**Task brief:**
In your copy, leave out the pictures; write out all the data exactly.

**Source material:**
---------------

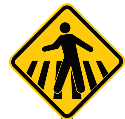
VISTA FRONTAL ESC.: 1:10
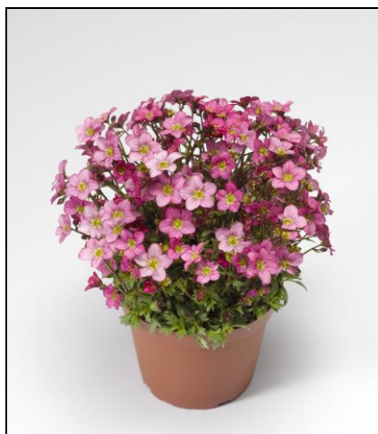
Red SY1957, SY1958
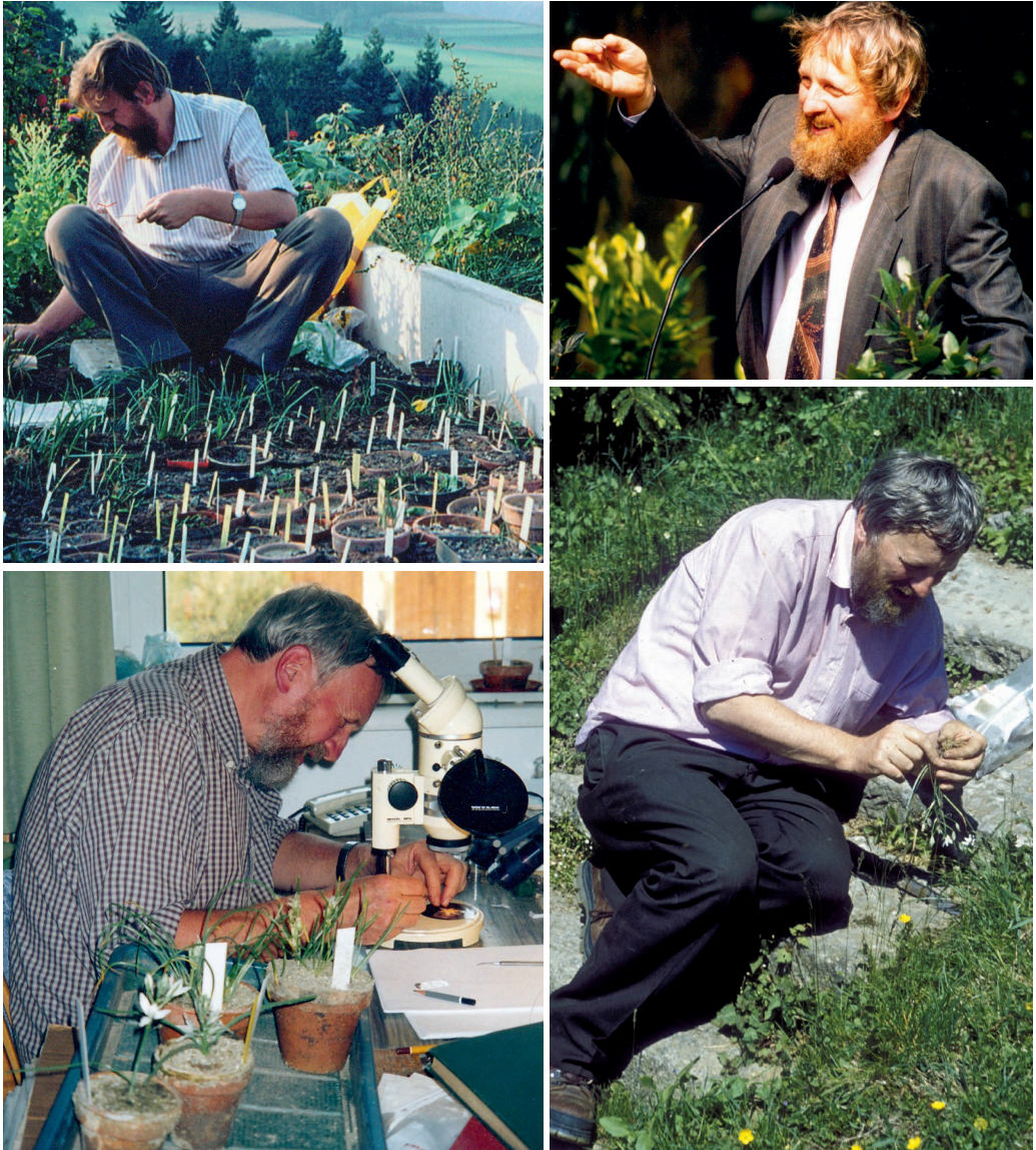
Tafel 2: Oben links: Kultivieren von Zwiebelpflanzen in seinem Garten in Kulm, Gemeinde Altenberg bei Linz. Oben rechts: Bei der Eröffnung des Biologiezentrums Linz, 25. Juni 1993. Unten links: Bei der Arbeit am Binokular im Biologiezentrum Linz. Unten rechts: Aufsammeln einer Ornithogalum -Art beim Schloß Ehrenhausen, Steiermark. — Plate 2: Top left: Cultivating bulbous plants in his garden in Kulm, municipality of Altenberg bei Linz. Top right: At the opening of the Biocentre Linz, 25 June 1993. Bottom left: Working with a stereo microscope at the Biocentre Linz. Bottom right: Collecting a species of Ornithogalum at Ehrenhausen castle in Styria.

---------------

**Task response:**
VISTA FRONTAL ESC.: 1:10
Red SY1957, SY1958
Tafel 2: Oben links: Kultivieren von Zwiebelpflanzen in seinem Garten in Kulm, Gemeinde Altenberg bei Linz. Oben rechts: Bei der Eröffnung des Biologiezentrums Linz, 25. Juni 1993. Unten links: Bei der Arbeit am Binokular im Biologiezentrum Linz. Unten rechts: Aufsammeln einer Ornithogalum -Art beim Schloß Ehrenhausen, Steiermark. — Plate 2: Top left: Cultivating bulbous plants in his garden in Kulm, municipality of Altenberg bei Linz. Top right: At the opening of the Biocentre Linz, 25 June 1993. Bottom left: Working with a stereo microscope at the Biocentre Linz. Bottom right: Collecting a species of Ornithogalum at Ehrenhausen castle in Styria.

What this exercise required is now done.